Yes, it is desirable not to always mirror the whole image before the MC 
protection can become active. This would save time in case of a lost 
communication, shutdown or maintenance on the secondary.

The persistent dirty bitmap must have a mechanism to identify that a 
pair of images belong to each other and which of both is the primary 
with the actual valid data. I think that's self-sufficient "little" 
project...but the next logical step :)

>
>>> The second stage (mode) is the replication of block device state changes
>>> (modified blocks)  to keep the image on the secondary in sync with the
>>> primary. The mirrored blocks must be buffered in ram (block buffer) until
>>> the complete Checkpoint (RAM, vCPU, device state) can be committed.
>>>
>>> For keeping the complete system state consistent on the secondary system
>>> there must be a possibility for MC to commit/discard block device state
>>> changes. In normal operation the mirrored block device state changes (block
>>> buffer) are committed to disk when the complete checkpoint is committed. In
>>> case of a crash of the primary system while transferring a checkpoint the
>>> data in the block buffer corresponding to the failed Checkpoint must be
>>> discarded.
>
> Thoughts:
>
> Writing data safely to disk can take milliseconds.  Not sure how that
> figures into your commit step, but I guess commit needs to be fast.
>
We have no time to waste ;) but the disk semantic at the primary should 
be kept as expected from the primary. The time to acknowledge a 
checkpoint from the secondary will be delayed for the time needed to 
write all pending I/O requests of a checkpoint to disk.
I think for normal operation (just replication) the secondary can use 
the same semantics for the disc writes as the primary. Wouldn't that be 
safe enough?

> I/O requests happen in parallel with CPU execution, so could an I/O
> request be pending across a checkpoint commit?  Live migration does not
> migrate inflight requests, although it has special case code for
> migration requests that have failed at the host level and need to be
> retried.  Another way of putting this is that live migration uses
> bdrv_drain_all() to quiesce disks before migrating device state - I
> don't think you have that luxury since bdrv_drain_all() can take a long
> time and is not suitable for microcheckpointing.
>
> Block devices have the following semantics:
> 1. There is no ordering between parallel in-flight I/O requests.
> 2. The guest sees the disk state for completed writes but it may not see
>     disk state of in-flight writes (due to #1).
> 3. Completed writes are only guaranteed to be persistent across power
>     failure if a disk cache flush was submitted and completed after the
>     writes completed.
>
I'm not sure if I got your point.

The proposed MC block device protocol sends all block device state 
updates to the secondary directly after writing them to the primary 
block devices. This keeps the disc semantics for the primary and the 
secondary stays updated with the disc state changes of the actual epoch.
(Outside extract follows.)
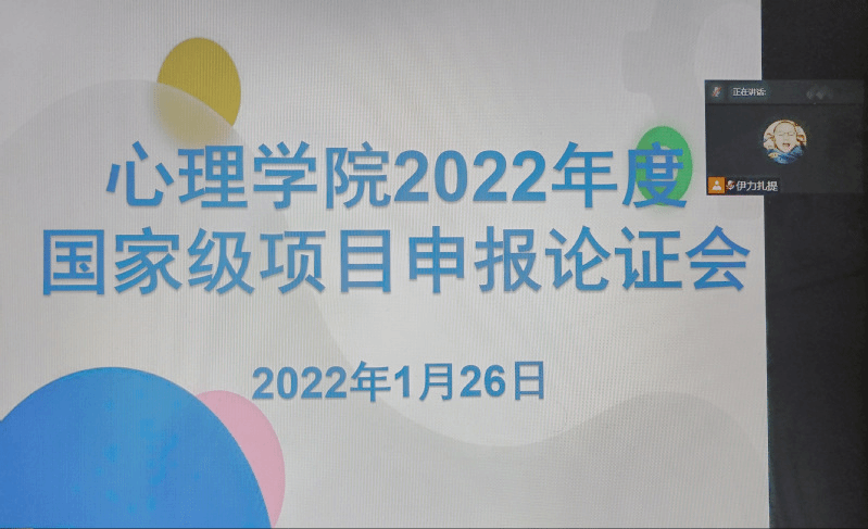 为提高金年会国家级科研项目申报质量中标率,提升教师科学研究能力,1月26日下午,金年会jinnianhuicom以线上方式召开2022年度国家级项目申报论证会。金年会心理学学科带头人买合甫来提·坎吉教授、学术带头人刘毅和李莉莉副教授担任本次论证会的评审专家,金年会邹洁、马学海、高嘉成、郭薇等拟申报2022年度国家级项目的教师参加了本次论证会。评审项目类型包括国家社科基金、国家自然科学基金和教育部人文社科基金项目。

At the end of an epoch the primary gets paused to create a system state 
snapshot. A this moment there could be some pending write I/O requests 
on the primary which overlap with the generation of the system state 
snapshot? Do you meant a situation like that?
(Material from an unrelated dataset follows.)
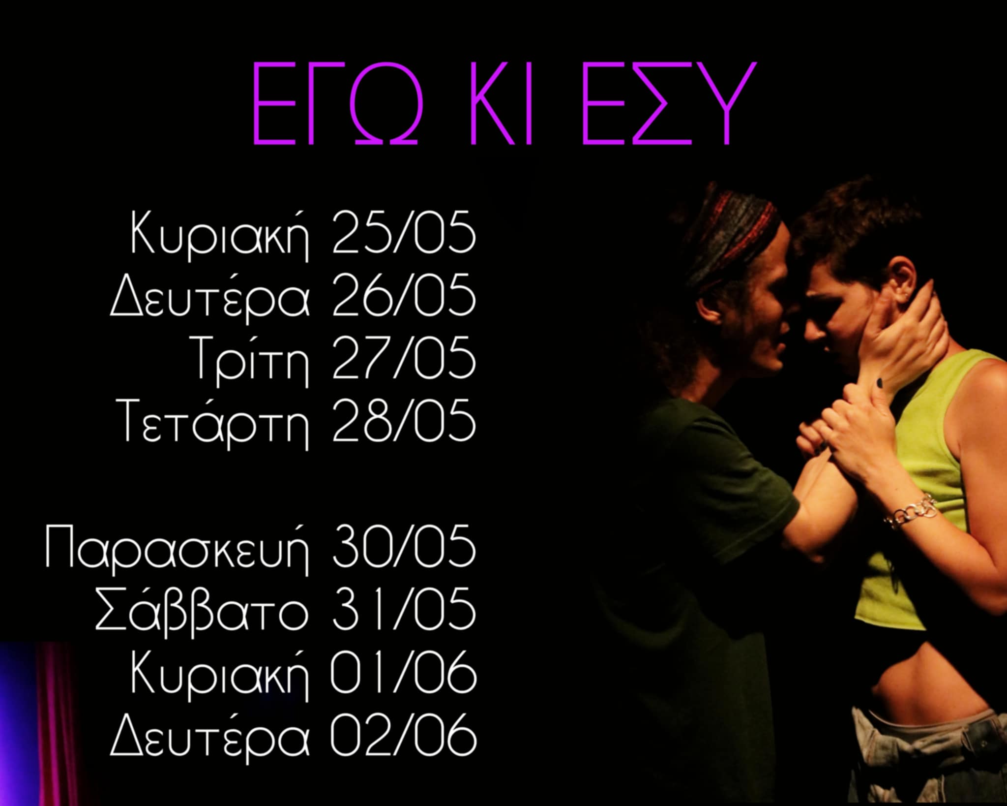Το «Εγώ κι Εσύ», σε μετάφραση Χρήστου Νικολόπουλου, έχει δημιουργήσει ήδη από την περίοδο των προβών μεγάλη ανυπομονησία στο κοινό, γεγονός που οδήγησε τον θίασο να προσθέσει δύο ακόμα παραστάσεις για την Τετάρτη 28 Μαΐου και την Δευτέρα 2 Ιουνίου. Οι παραστάσεις θα πραγματοποιηθούν στην αίθουσα της Περιηγητικής Λέσχης Ρεθύμνου, η οποία έχει αναδιαμορφωθεί, ώστε να προσφέρει μια άνετη και φιλόξενη εμπειρία για τους θεατές. Για κρατήσεις, μπορείτε να καλείτε στο: 6945 458 516.

If this is your point then I think you are right, this is possible...and 
that raises your interesting question: How to deal with pending requests 
at the end of an epoch or how to be sure that all disc state changes of 
an epoch have been replicated?

Currently the MC protocol only cares about a part of the system state 
(RAM,vCPU,devices) and excludes the block device state changes.
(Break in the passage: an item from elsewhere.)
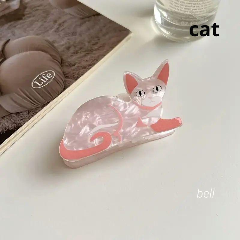 - ピンク バレッタ ヘアクリップ 猫 動物 髪留め バンスクリップ 可愛い 犬 韓国

To correctly use drive-mirror functionality the MC protocol must also be 
extended to check that all disc state changes of the primary 
corresponding to the current epoch have been delivered to the secondary.

When all state data is completely sent the checkpoint transaction can be 
committed.

When the checkpoint transaction is complete the secondary commits its 
disc state buffer and the rest (RAM, vCPU,devices) of the checkpoint and 
ACKS the complete checkpoint to the primary.

IMHO the easiest way for MC to track that all block device changes have 
been replicated would be to ask drive-mirror if the paused primary has 
unprocessed write requests.

As long as there are dirty blocks or in-flights, the checkpoint 
transaction of the current epoch is not complete.

Maybe you can give me a hint what you think is the best way (api 
call(s)) to ask drive-mirror if there are pending write operations???

>>> I think this can be achieved by drive-mirror and a filter block driver.
>>> Another approach could be to exploit the block migration functionality of
>>> live migration with a filter block driver.
>
> block-migration.c should be avoided because it may be dropped from QEMU.
> It is unloved code and has been replaced by drive-mirror.

Good to know!!!
I will avoid using block-migration.c.

>
>>> The drive-mirror (and live migration) does not rely on shared storage and
>>> allow live block device copy and incremental syncing.
>>>
>>> A block buffer can be implemented with a QEMU filter block driver. It should
>>> sit at the same position as the Quorum driver in the block driver hierarchy.
>>> When using block filter approach MC will be transparent and block device
>>> agnostic.
>>>
>>> The block buffer filter must have an Interface which allows MC control the
>>> commits or discards of block device state changes. I have no idea where to
>>> put such an interface to stay conform with QEMU coding style.
>>>
>>>
>>> I???m sure there are alternative and better approaches and I???m open for
>>> any ideas
>
> You can use drive-mirror and the run-time NBD server in QEMU without
> modification:
>
>    Primary (drive-mirror)   ---writes--->   Secondary (NBD export in QEMU)
>
> Your block filter idea can work and must have the logic so that a commit
> operation sent via the microcheckpointing protocol causes the block
> filter to write buffered data to disk and flush the host disk cache.

That's exactly what the block filter has to do. Where would be the right 
place to put the api call to the block filter flush logic "blockdev.c"?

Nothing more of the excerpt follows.